**Extracted data**:

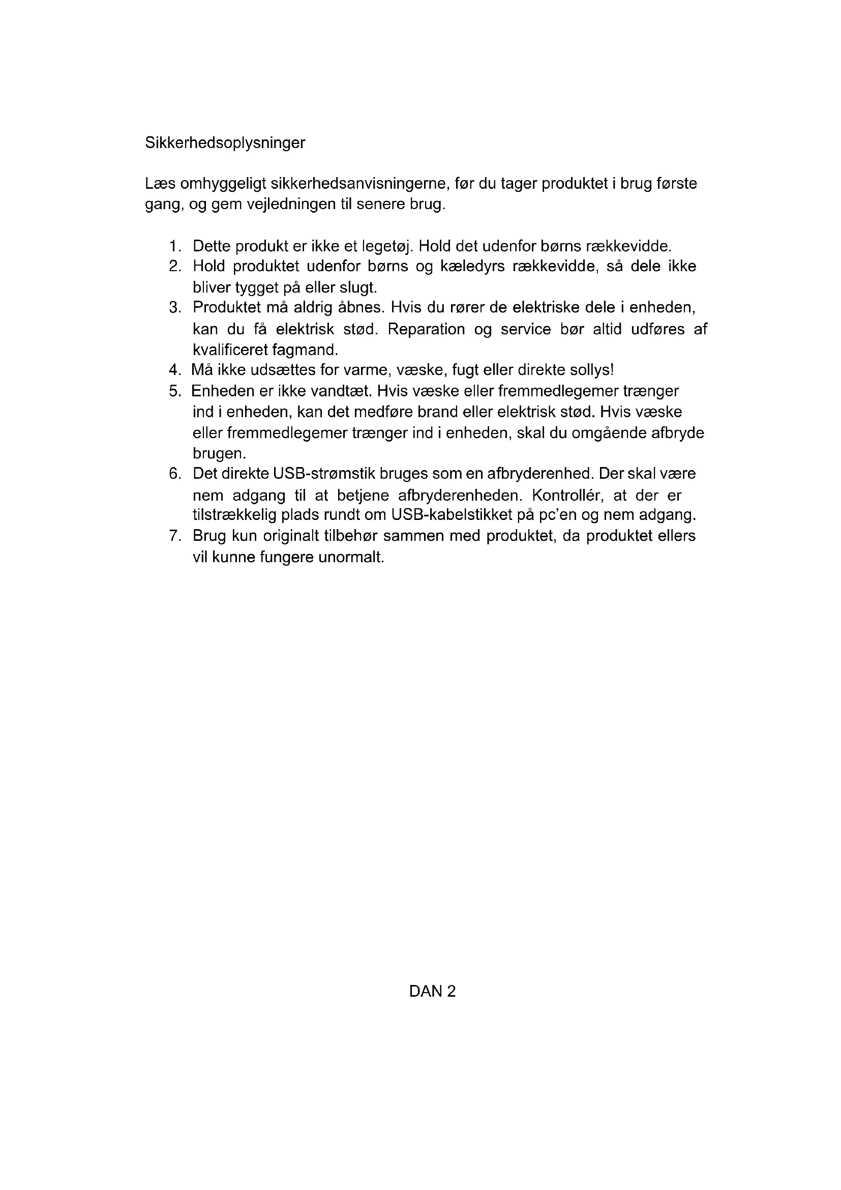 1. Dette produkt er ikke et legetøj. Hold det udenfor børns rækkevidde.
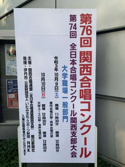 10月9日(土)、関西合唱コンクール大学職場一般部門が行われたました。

* * *

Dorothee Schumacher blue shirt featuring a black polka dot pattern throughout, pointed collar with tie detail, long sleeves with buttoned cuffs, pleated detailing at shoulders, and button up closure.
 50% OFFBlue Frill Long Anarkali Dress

**Task details**: The copy should hold only the lines from the one with "1. Dette produkt" through the one with "10月9日(土)、関西合唱コンクール大学職場一般部門が行われたました。", exactly as they stand above. Leave out the pictures.

**Solution to this problem**:
 1. Dette produkt er ikke et legetøj. Hold det udenfor børns rækkevidde.
 10月9日(土)、関西合唱コンクール大学職場一般部門が行われたました。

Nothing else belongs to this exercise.